Canon just announced a new version of their flagship dSLR, the EOS-1Ds Mark II. Similar to the original EOS-1Ds, the new version has a 50% greater pixel count, reduced shutter lag, a larger frame buffer for faster continuous shooting, and uses the new version of Canon’s DIGIC image processor for better image quality.

Oh, and the body alone is about $8K.

Cyborg-in-Chief Involved in Gaming Novel Soundtrack Pt. 2

As I mentioned in a previous posting, I worked with composer/artist John Bergin recently to create a soundtrack to Traitor General, the latest Gaunt’s Ghosts novel by Dan Abnett. The Gaunt series takes place in the gothic sci-fi gaming world of Warhammer 40,000. John and I created a soundtrack (with John doing most of the heavy lifting) to accompany a limited edition hardback version of the novel. I wrote an article for The Black Library about the making of the soundtrack and interviewed John about composing the music. You can also see a title list and the full credits here.

Serial ATA microdrives

A consortium of storage manufacturers has announced a new
drive interface for tiny hard drives
meant to go into handheld consumer electronics like iPods and cellphones.
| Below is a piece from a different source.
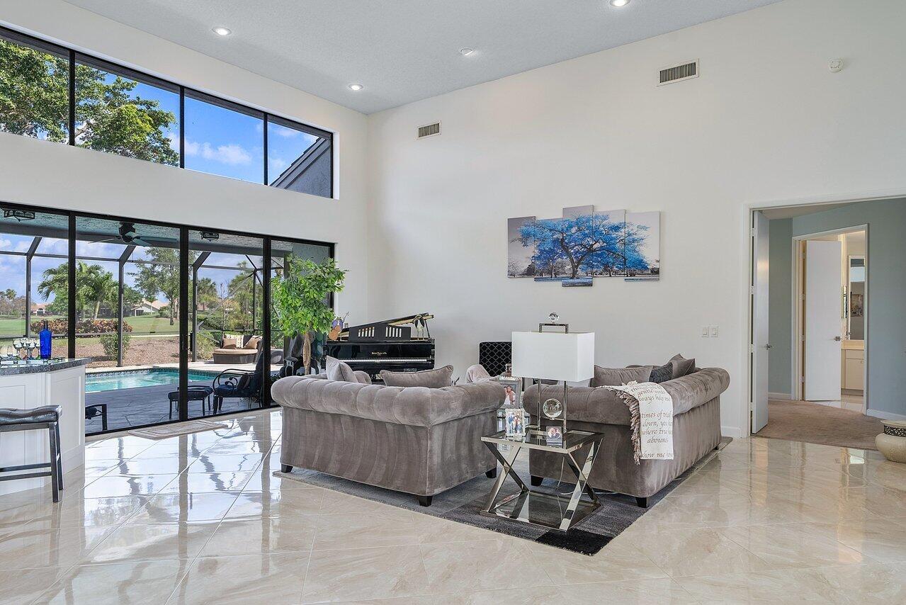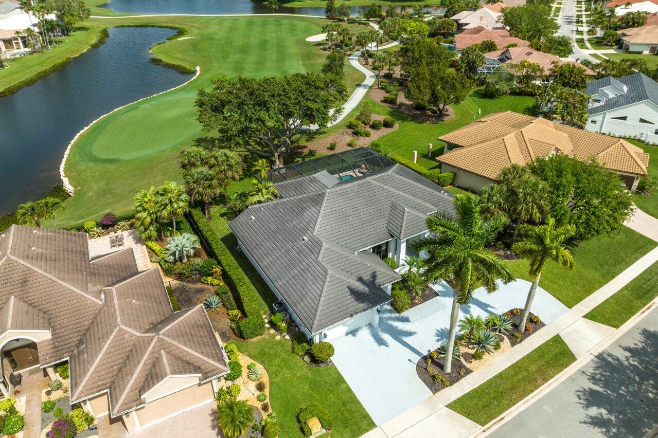 This rarely available, 3400 plus sqft stunning, light & bright renovated home located on a premium golf course lot overlooking two lakes in Stonebridge Country Club is like NO OTHER with 4 bedrooms, 3.5 Bathrooms and optimal design with no step down entry. The home has custom, kitchen with white Shaker cabinetry, luxury granite and backsplash, porcelain floors, and newer roof (2016), A/C (2021) and W/H (2021). Plus soaring ceilings throughout this one of a kind home. Designer lighting throughout. Fabulous master suite with two large walk-in closets. Split floor plan. New landscaping. Hurricane shutters. Spacious, 2 car + golf cart, garage. Many upgrades throughout. Enjoy your private Golf Course, Club room, State of the Art Gym, 6 tennis courses, Pickle Ball courts, restaurant and more.
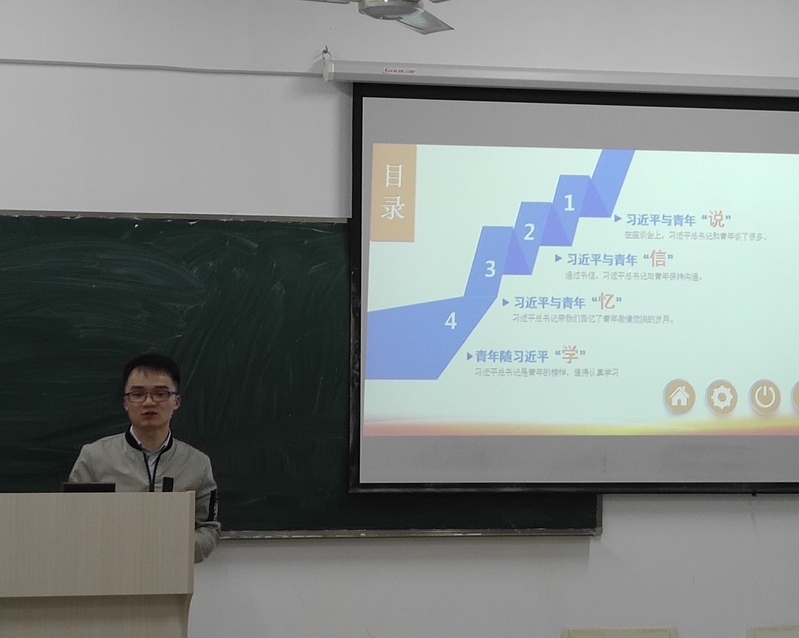 在“习近平与青年‘说’”部分,沈晓海介绍了习近平总书记通过座谈会与各界青年对话,从对话人的身份、时间节点等因素分析了总书记的关切所在,与同学们分享了对“爱国、励志、求真、力行”的理解。在“习近平与青年‘信’部分,沈晓海选取了习近平总书记分别写给大学生、创业团队、青年志愿者、海外学子、大学生村官等各界青年的回信,提取其中的“梦想”、“奋斗”等关键词,鼓励大家响应习近平总书记号召,争做优秀青年。在“习近平与青年‘忆’”部分,沈晓海通过截取的新闻片段,讲述了习近平总书记与各界青年一起回忆五四百年和留法百年的情况,他认为这些都说明了青年是重要历史时刻的创造者,鼓励在座同学们成为和谐社会和全面小康的有力促进者以及创新中国和和谐社会的热情实干者。最后,在“青年随习近平‘学’”部分,沈晓海希望大家学科学理论,做有理想的人;学专业知识,做有本领的人;学奋斗精神,做有担当的人。

“The CE-ATA interface involves creating a new way to address the major concerns of consumer electronics manufacturers,” the news article says.

So does anyone else think this means drive manufacturers will be adding built-in DRM?

Open the pod bay doors, please, HAL

Wired has a story about Chatting AIM Bot, described as “a free service that lets anyone play a devious practical joke on a friend, in which an artificially intelligent AOL instant message, or AIM, bot carries on an innocuous, 10-minute conversation before finally lowering the boom and informing the unwitting human at the other end they’ve been had.”

The bot, which apparently IMs the victim using the capitalization-challenged, abbreviation-loving style common to 13-year-olds, then emails a transcript of the conversation back to the victimizer.

How the Floppy is like Fassbinder

It’s dead.

If the Associated Press says it, it must be true:

“Like the penny, the floppy drive is hardly worth the trouble, computer makers say.”

It seems just about everything else you can use to store data is faster, more reliable and holds more data than the venerable floppy disk, which isn’t even all that floppy anymore.